For multi-step methods $$ y_{n}+\sum_{j=1}^q a_{n-j}y_{n-j} = h\sum_{j=0}^q b_jf_{n-j}=λh\sum_{j=0}^q b_jy_{n-j}, $$ this analysis is a little more involved, as one gets a difference equation of order greater than 2. Using a generating function $Y(t)=\sum y_jt^{-j}$, one gets the solution as $$ Y(t)=\frac{c(Y_0,λh)(t)}{a(t)-λhb(t)}=\sum\frac{A_k(Y_0,λh)}{t-r_k(λh)}, $$ where in the middle $a(t)=t^q+a_{q-1}t^{q-1}+...a_0$, $b(t)=b_qt^q+...+b_0$ and $c(Y_0,λh)(t)$ is a polynomial formed from the initial values $Y_0=(y_0,...,y_{q-1})$. The right side it the partial fraction decomposition using the roots $r_k(z)$ of $a(t)-zb(t)$. The solution is falling to zero if all $r_k(z)$ are inside the unit circle for $z=λh$. If one weakens the demand to non-expanding behavior, then the condition is $|r_k(z)|\le 1$ and for multiple roots $|r_k(z)|< 1$. Call the set of all such $z$ the stable set $S$.
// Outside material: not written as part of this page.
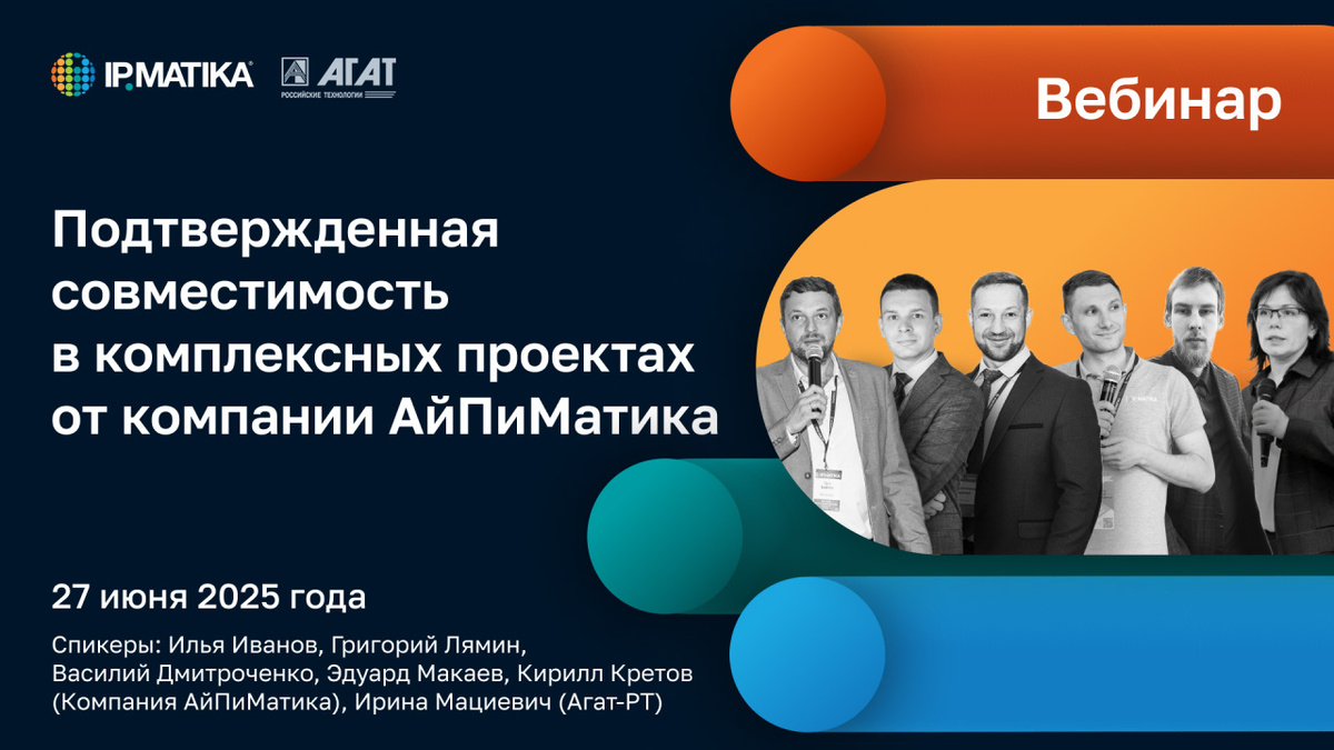 27 июня 2025 года с 11:00 до 12:00 Илья Иванов, Григорий Лямин, Василий Дмитроченко, Эдуард Макаев, Кирилл Кретов (ООО АйПиМатика) и Ирина Мациевич (Агат-РТ) проведут вебинар «Подтвержденная совместимость в комплексных проектах от компании АйПиМатика». В программе вебинара: Зарегистрироваться на вебинар можно по ссылке.

A multi-step method is A-stable if $\Bbb C^-\subset S$.

Zero-stability

is a pre-condition for stability. It is only relevant in the case of linear multi-step methods, one-step methods have this automatically. It says that if the right side is zero, the numerical solution should be constant or nearly so, even under small perturbations, small additions of random noise in each step.
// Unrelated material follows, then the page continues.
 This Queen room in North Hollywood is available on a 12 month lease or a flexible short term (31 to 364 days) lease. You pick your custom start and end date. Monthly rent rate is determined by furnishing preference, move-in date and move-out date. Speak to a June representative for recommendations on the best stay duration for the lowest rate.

More precisely, among the $r_k(0)$, exactly one has value $1$ ($a(1)=0$ is necessary for consistency), all other have to be inside the unit circle. Failing that one gets one $q=r_k(0)$ with $|q|>1$, where then local errors get propagated from step $k$ to step $k+\Delta k$ with coefficient $q^{Δk}=q^{Δt/h}$, or a multiple root at $1$, which gives error growth like $Δk=Δt/h$ or even higher degree over time spans $Δt=t_{k+\Delta k}-t_k=Δk\,h$, which grows the faster the smaller $h$ is. Such behavior is in general not desirable.

A$(\alpha)$-stability

Any A-stable multi-step method has order 2 or less. To get higher order methods and still have a similar quality criterion one needs to weaken the definition of A-stability. The most common variant is

A multi-step method is A$(\alpha)$-stable if $S\supset\{z\ne 0:|\arg(-z)|<\alpha\}$


L- and I-stability

In one-step methods, the rational function $R(z)$, if it has a bounded value at $z=-\infty$, has the same value for all limits with $|z|\to\infty$. Thus while it may seem intuitive to have $|R(iy)|=1$, this would imply that that $|R(x)|$ can not fall to zero for $x\to -\infty$ on the negative real axis.

L-stable if A-stable and $\lim_{|z|\to\infty}R(z)=0$.

One can also be interested in the fraction $R(z)/e^z$ and where its modulus is smaller/equal/greater than 1.

I-stable if $|R(iy)|\le 1=|e^{iy}|$.

I-stable and all poles of $R$ in the positive half-plane implies A-stable.